Since dynamical simulations are available for a limited 20-year period for historical climates, and hence for a fair comparison between SD and SD_hind, we limit the SDM training to 20 years in all experiments exclusively for the validation for historical and future climates: 1997–2016 when trained on the hindcast (SD_hind) and 1995–2014 when trained on the historical simulations (SD). Projections span the period 1995–2099. For validation of projected ESS changes, the periods 1995–2014 and 2080–2099 are analyzed for past (hindcast, historical) and future epochs respectively. As all downscaled estimates (DD/SD/SD_hind) represent the same storm surges under identical forcing and periods, sampling uncertainty is expected to be largely shared across estimates, and model evaluation focuses on point estimates.

Based on these experiments, stationarity and extrapolability are evaluated as follows:

  • Stationarity assumption: We compare the skill of the SDM to reproduce storm surge climates in both historical and future periods when the model is trained exclusively on historical outputs of the dynamical model, either from the hindcast (SD_hind) or from each GCM-specific historical climate simulations (SD). When the skill (Pearson correlation coefficient, RMSE, MB above the 99th percentile) is stable between future and historical periods, the stationarity assumption is validated. We highlight that although the EOFs and regression coefficients are assumed stationary, SDM-based storm-surge estimates can reflect temporal changes in variability and trends through changes in the atmospheric predictors associated with the identified modes of variability.

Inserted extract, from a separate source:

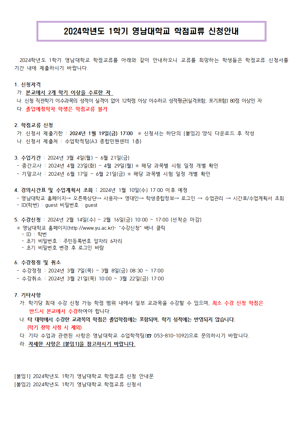 [첨부] [붙임1] 2024학년도 1학기 영남대학교 학점교류 신청 안내문.hwp
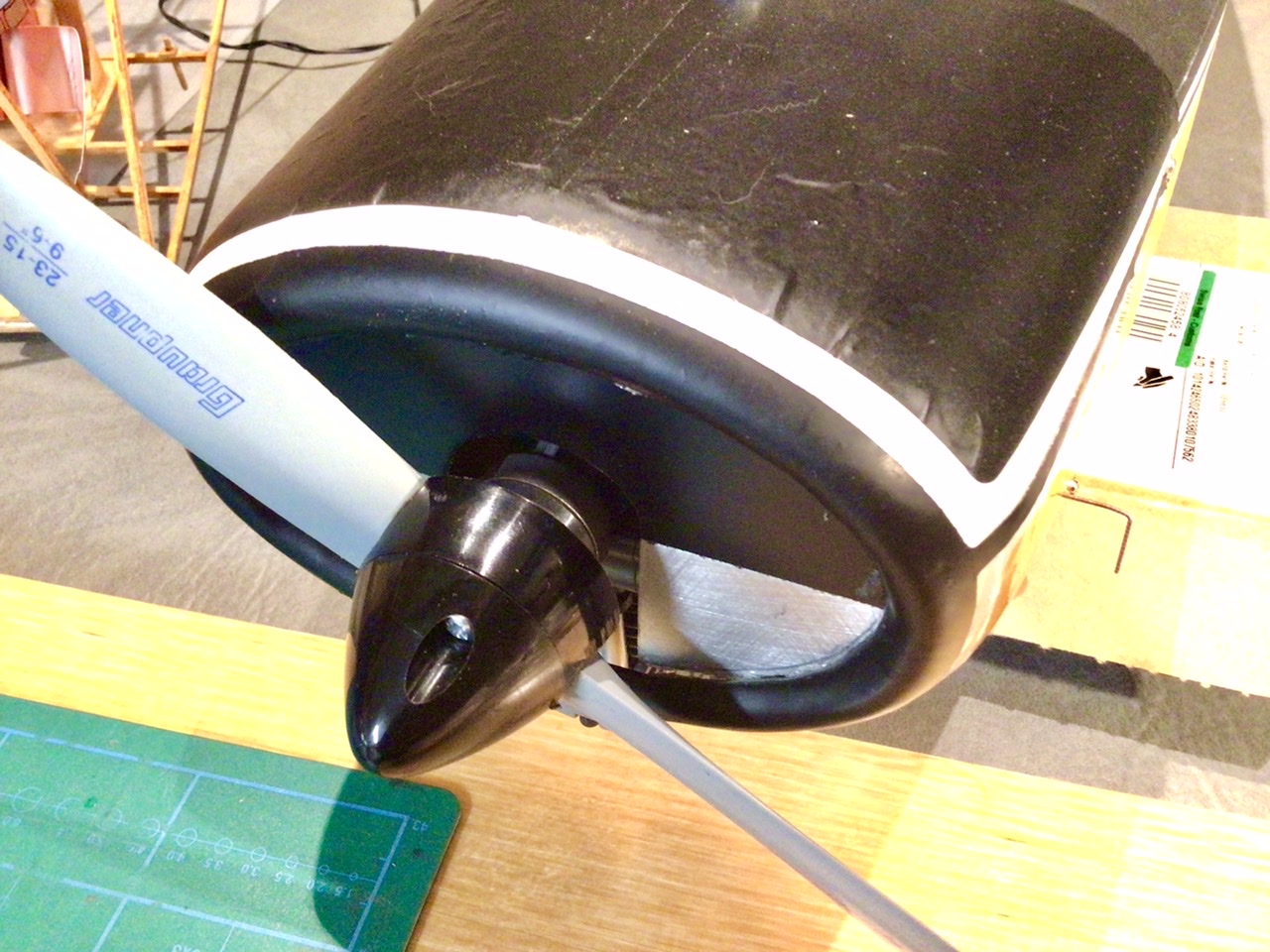 Capot terminé ;), j’ai masqué l’avant pour réduire l’entrée d’air, mais une fois l’hélice et son cône, montés, je réalise que l’ouverture est trop faible, il faudra agrandir l’entrée d’air.

  • Extrapolability to climate forcing: The combined effect of stationarity and extrapolability are finally assessed through evaluating the ability of the hindcast-trained SDM to capture projected changes in ESSs given by dynamical simulations. Projecting changes in ESSs constitutes the ultimate objective of our study. Projecting relative changes between historical and future periods and then adjusting observational or reanalysis baselines accordingly – called the delta method – is commonly done in climate science to minimize the influence of biases in the GCMs in future projections. As previously highlighted, biases have been corrected for SD_hind (through simple mean bias and variance corrections, for safe projection onto ERA5-based EOFs), but they haven't been corrected for SD and DD estimates. Additionally, even when corrected, biases in extremes have not been explicitly addressed, which may differ from those related to mean conditions. Together, these factors justify our focus on evaluating projected changes of ESSs (future vs. past) instead of directly assessing their future projections in the DD/SD/SD_hind intercomparison.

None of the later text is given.